- Born: November 5, 1971 (age 54)
- Occupations: Economist, professor

Academic background
- Education: B.A. (1996), M.A. (1998), Ph.D. (2000), Aarhus University

Academic work
- Discipline: Econometrics
- Institutions: University of California, Berkeley

= Michael Jansson =

Danish economist

Michael Jansson is an economist and the Edward G. and Nancy S. Jordan Family professor at the University of California, Berkeley.

== Early life ==
Jansson was born in Viborg, Denmark in 1971. He attended high school at the Viborg Katedralskole.

Jansson attended Aarhus University as an economics major starting from 1992. He received his B.A. in Economics in 1996. He completed his M.A. in 1998, but continued to stay at Aarhus University for his Ph.D. He finished his Ph.D. in 2000.

== Career ==
Jansson chose to accept a job offer from the University of California, Berkeley in 2000 where he became a research economist. In 2001, he became an assistant professor. He became an associate professor in 2007 and a professor in 2013.

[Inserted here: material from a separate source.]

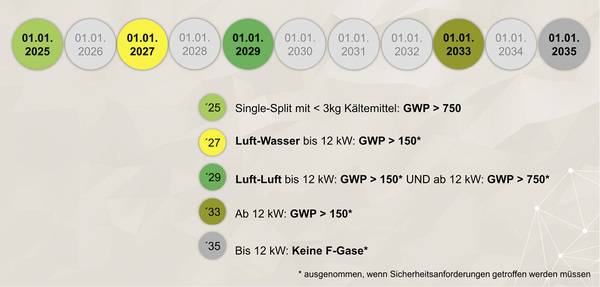 Bei Split-Wärmepumpen wird nach Luft/Wasser- und Luft/Luft-Anlagen unterschieden: Ab 12 kW Leistung müssen Luft/Wasser-Wärmepumpen ab dem 1. Januar 2027 und Luft/Luft-Wärmepumpen ab dem 1. Januar 2029 die GWP-Obergrenze von 150 einhalten. Für Luft/Luft-Wärmepumpen über 12 kW Leistung gilt ab dem 1. Januar 2029 eine GWP-Obergrenze von 750 und ab dem 1. Januar 2033 eine GWP-Obergrenze von 150. Ab dem 1. Januar 2035 dürfen in den EU-Markt Split(DX)-Wärmepumpen und Klimageräte mit F-Gasen nicht mehr in den Verkehr gebracht werden.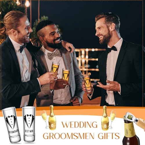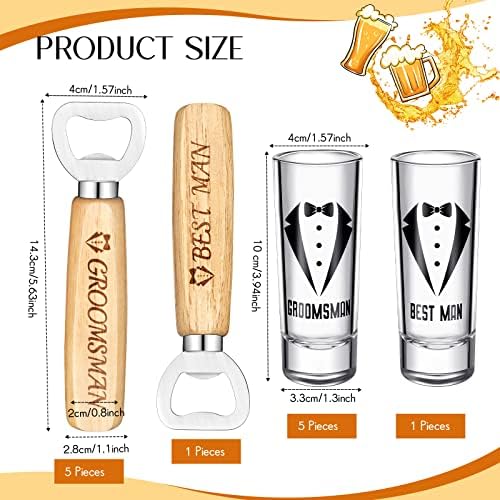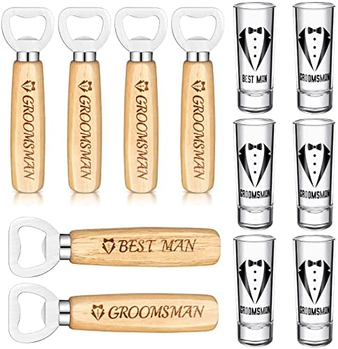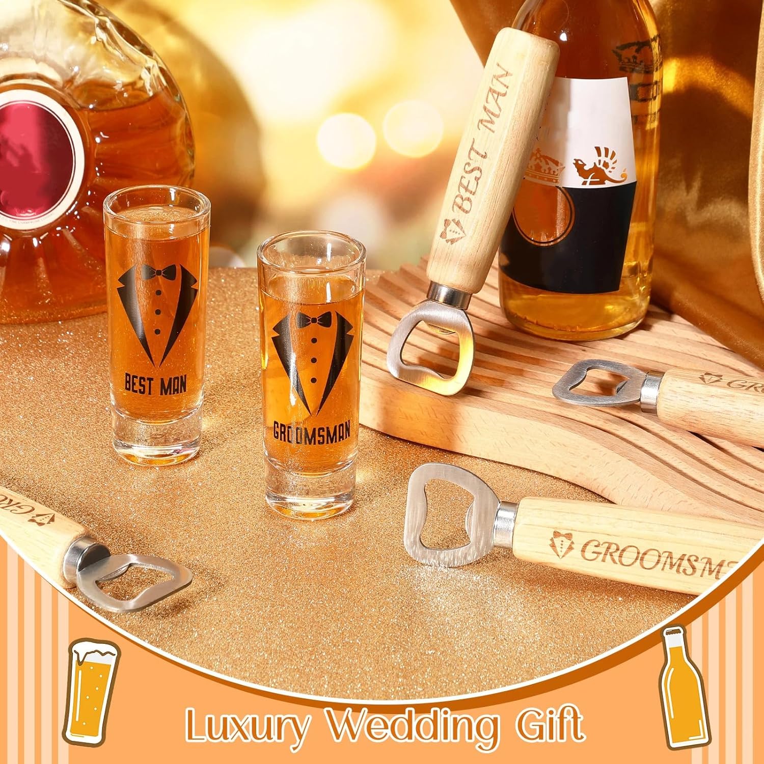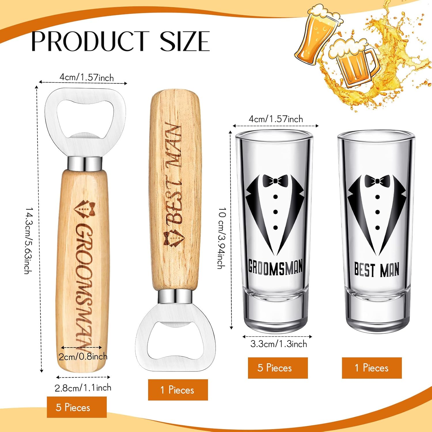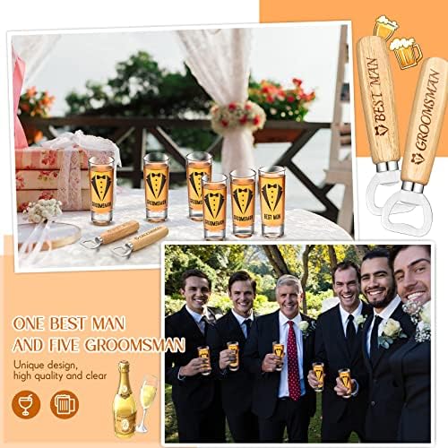 - Package Content: you will receive 6 pieces of wedding shot glasses and 6 pieces of wooden bottle openers, printed with words [Best Man] and [Groomsman], sufficient to serve as groomsmen gifts for your friends and groomsmen

Jansson is an associate editor with Econometrica and a co-editor of Econometric Theory and The Econometrics Journal. Jansson became the co-editor of the Journal of Econometrics in 2023.

== Awards ==
Jansson won a Sloan Research Fellowship in 2007. Jansson was a Fulbright Scholar from 1996 to 1997. He received an Econometric Theory Multa Scripsit Award in 2005. In 2023, he became a Fellow of the Econometric Society.

== Personal life ==
Jansson has a wife and two children.